Start of Block

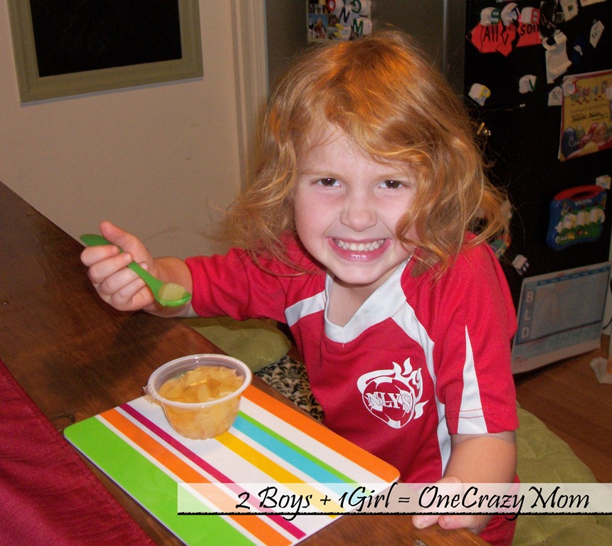 My Princess came home from Pre-K the other day and the first thing was “Mom, I want a snack”. I told her to see if we have some crackers in the cupboards and she told me “Mom, I need something healthy, some fruit or veggies will do”. I was a bit surprised by her answer, she’s 4. But I had figured out that they just learned about healthy food choices in class and she immediately tried to implement that at home for her very own snack. I loved it!
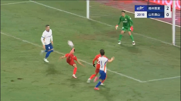 第20分钟,梅州客家再入一球,约契奇送出助攻,杨超声禁区内高难度倒钩破门,梅州客家2-0领先山东泰山。
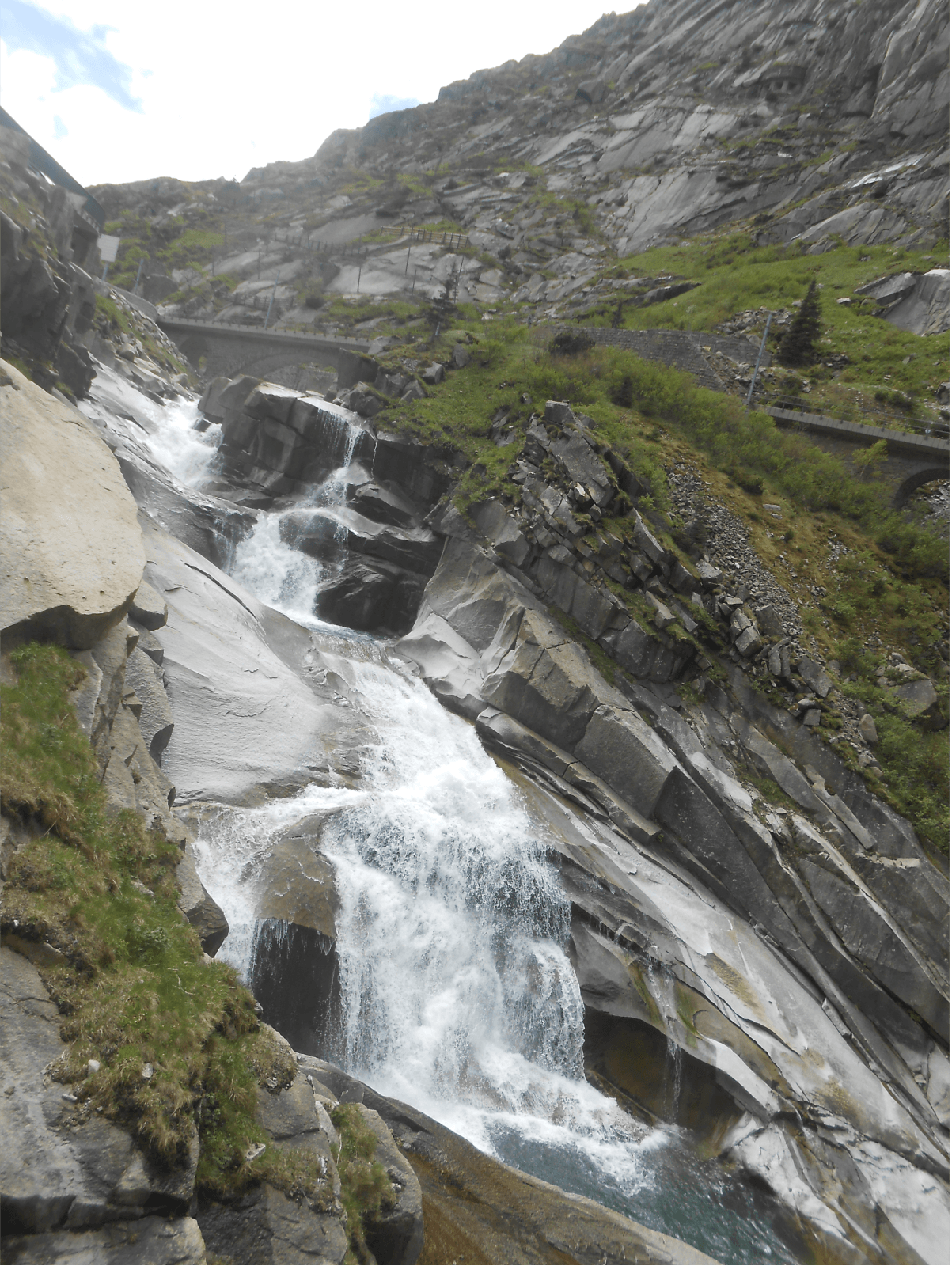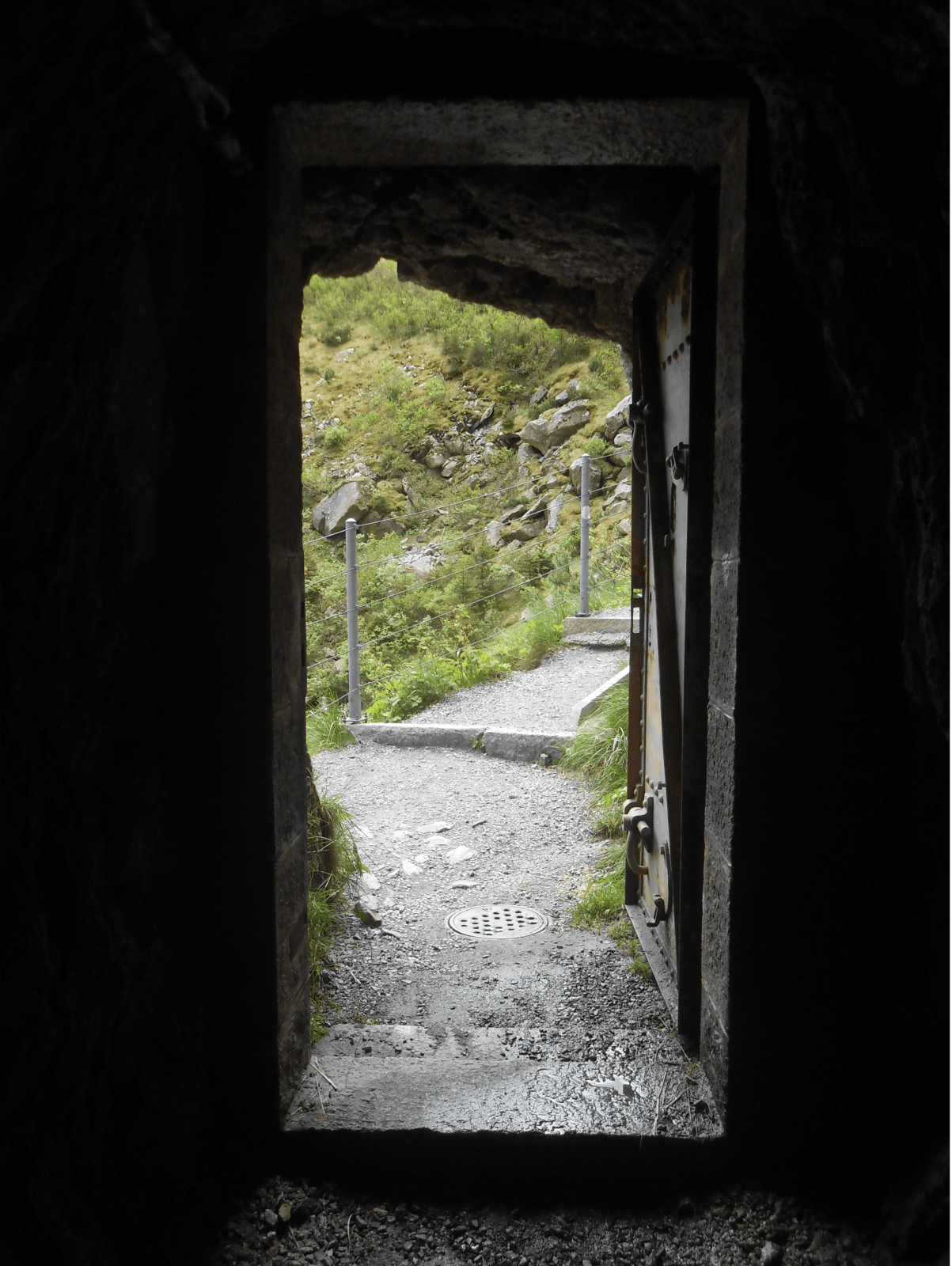 Saya merayap perlahan seraya menyalakan lampu senter dari ponsel untuk menerangi jalan. Tercium aroma lembap dan pengap. Kami berjalan sekitar seratus meter sebelum menemukan ujung lain terowongan. Dari ujung situ kami bisa menyaksikan aliran deras Sungai Reuss di bawah jurang.
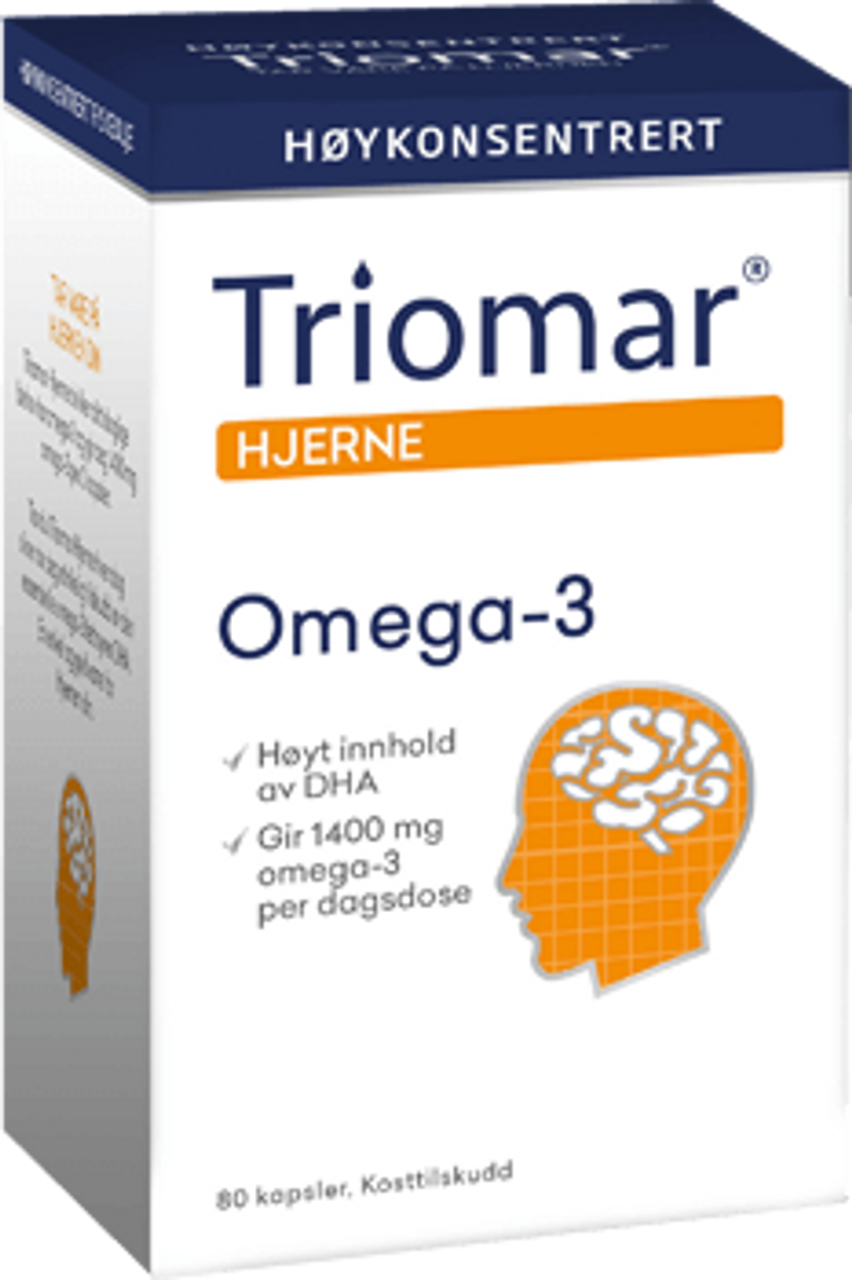 Dầu cá TRIOMAR HJERNE chính là sự kết hợp độc đáo giữa dầu cá đậm đặc 66% chứa nhiều các axit béo Omega-3 như EPA và DHA. TRIOMAR HJERNE có thể cung cấp lượng Omega-3 mà cơ thể cần trong một ngày, bên cạnh đó sản phẩm này còn có thể mang lại cho bạn 1400mg nếu sử dụng 2 viên một ngày.

End of Block

WHAT TO WORK ON: Give the data again exactly as it stands, apart from the pictures.

SOLUTION TO THIS PROBLEM:
 My Princess came home from Pre-K the other day and the first thing was “Mom, I want a snack”. I told her to see if we have some crackers in the cupboards and she told me “Mom, I need something healthy, some fruit or veggies will do”. I was a bit surprised by her answer, she’s 4. But I had figured out that they just learned about healthy food choices in class and she immediately tried to implement that at home for her very own snack. I loved it!
 第20分钟,梅州客家再入一球,约契奇送出助攻,杨超声禁区内高难度倒钩破门,梅州客家2-0领先山东泰山。
 Saya merayap perlahan seraya menyalakan lampu senter dari ponsel untuk menerangi jalan. Tercium aroma lembap dan pengap. Kami berjalan sekitar seratus meter sebelum menemukan ujung lain terowongan. Dari ujung situ kami bisa menyaksikan aliran deras Sungai Reuss di bawah jurang.
 Dầu cá TRIOMAR HJERNE chính là sự kết hợp độc đáo giữa dầu cá đậm đặc 66% chứa nhiều các axit béo Omega-3 như EPA và DHA. TRIOMAR HJERNE có thể cung cấp lượng Omega-3 mà cơ thể cần trong một ngày, bên cạnh đó sản phẩm này còn có thể mang lại cho bạn 1400mg nếu sử dụng 2 viên một ngày.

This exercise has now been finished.